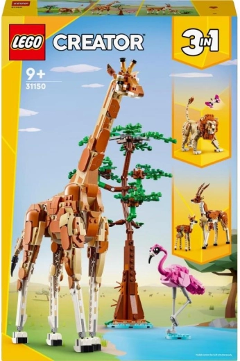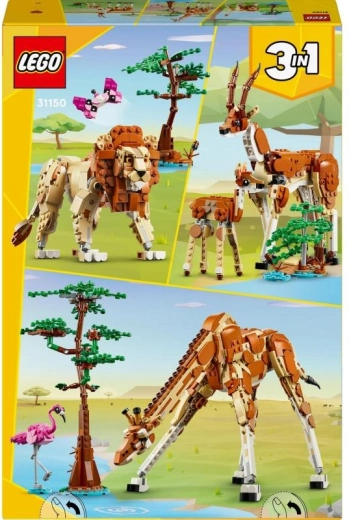 LEGO Creator 3-i-1 safaridyr giver masser af sjov og kreativitet. Af én æske kan du bygge en stolt giraf med en lang, justerbar hals, et lille træ og en sød flamingo. Når det er tid til forandring, kan modellen ombygges til to yndefulde gazeller – en mor med en unge – eller til en fornem løve med ledsagende elementer.
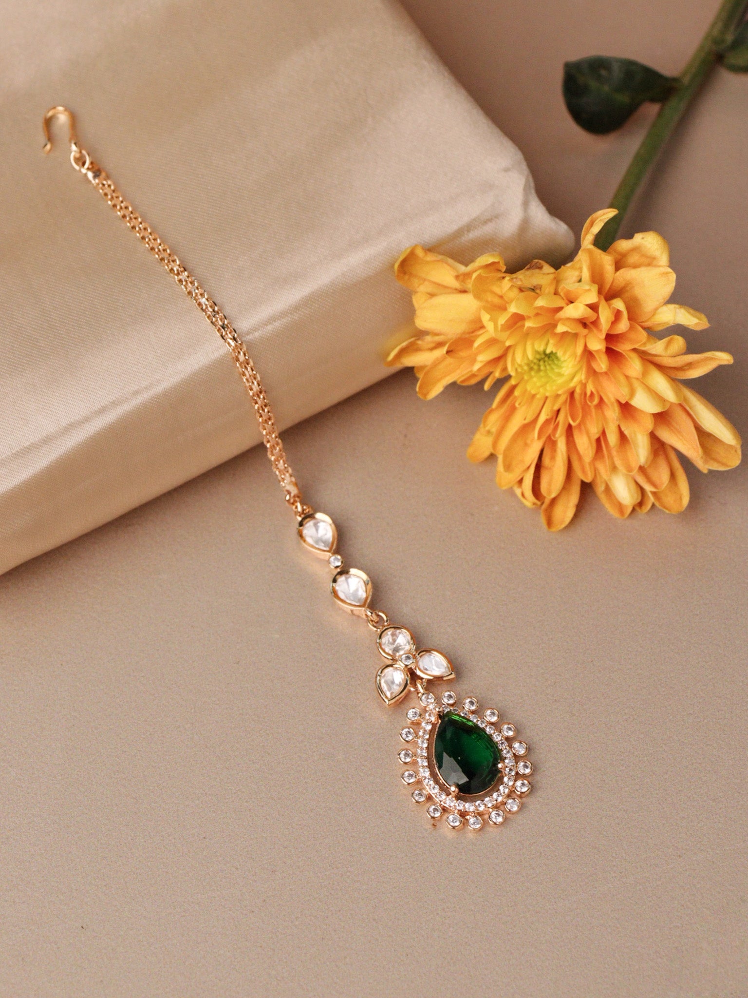 The Meiraa Emerald Drop Maang Tikka presents an elegant design featuring a captivating emerald green drop. This refined piece adds a touch of grace and spark of emerald to your collection.
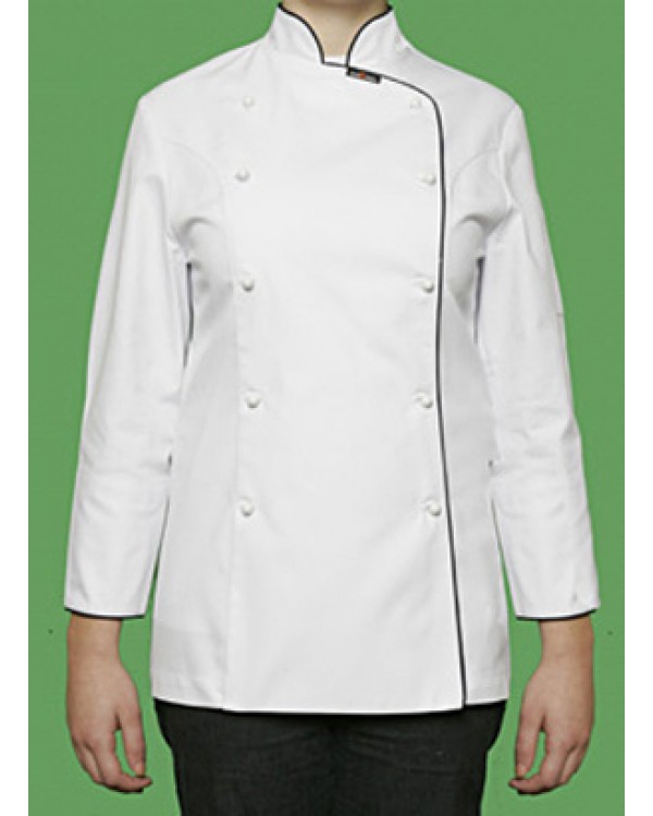 Bayan Aşçı Forması Lacivert Şeritli (biyeli) üst forma olarak alpaka kumaş %65′i polyester %35′i pamuk belden oturtmalı yandan yırtmaçlı arkan kuşaklı ve pensli ve uzun kolu, kısa kollu eybiSSe iş Elbiseleri Modelidir.
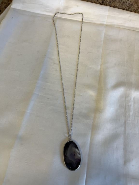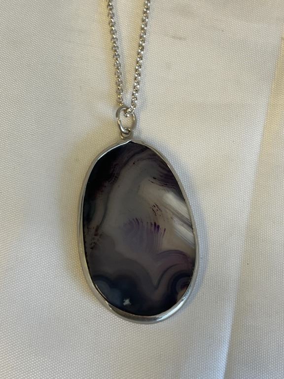 EXTREME LENGTH STERLING SILVER CHAIN W/ LACE AGATE STONE PENDANT
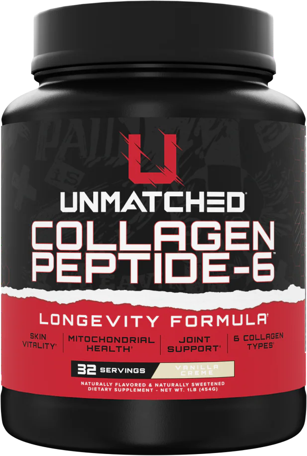 Unmatched Supps Collagen Peptide-6 provides 6 types of collagen from 3 sources plus PureWay-C and MitoPrime for joint health and tissue support. -

________________________

• PROBLEM TO WORK ON
Leave out the pictures and give the rest of the records again exactly.

• RESULT FOR THIS TASK
 LEGO Creator 3-i-1 safaridyr giver masser af sjov og kreativitet. Af én æske kan du bygge en stolt giraf med en lang, justerbar hals, et lille træ og en sød flamingo. Når det er tid til forandring, kan modellen ombygges til to yndefulde gazeller – en mor med en unge – eller til en fornem løve med ledsagende elementer.
 The Meiraa Emerald Drop Maang Tikka presents an elegant design featuring a captivating emerald green drop. This refined piece adds a touch of grace and spark of emerald to your collection.
 Bayan Aşçı Forması Lacivert Şeritli (biyeli) üst forma olarak alpaka kumaş %65′i polyester %35′i pamuk belden oturtmalı yandan yırtmaçlı arkan kuşaklı ve pensli ve uzun kolu, kısa kollu eybiSSe iş Elbiseleri Modelidir.
 EXTREME LENGTH STERLING SILVER CHAIN W/ LACE AGATE STONE PENDANT
 Unmatched Supps Collagen Peptide-6 provides 6 types of collagen from 3 sources plus PureWay-C and MitoPrime for joint health and tissue support. -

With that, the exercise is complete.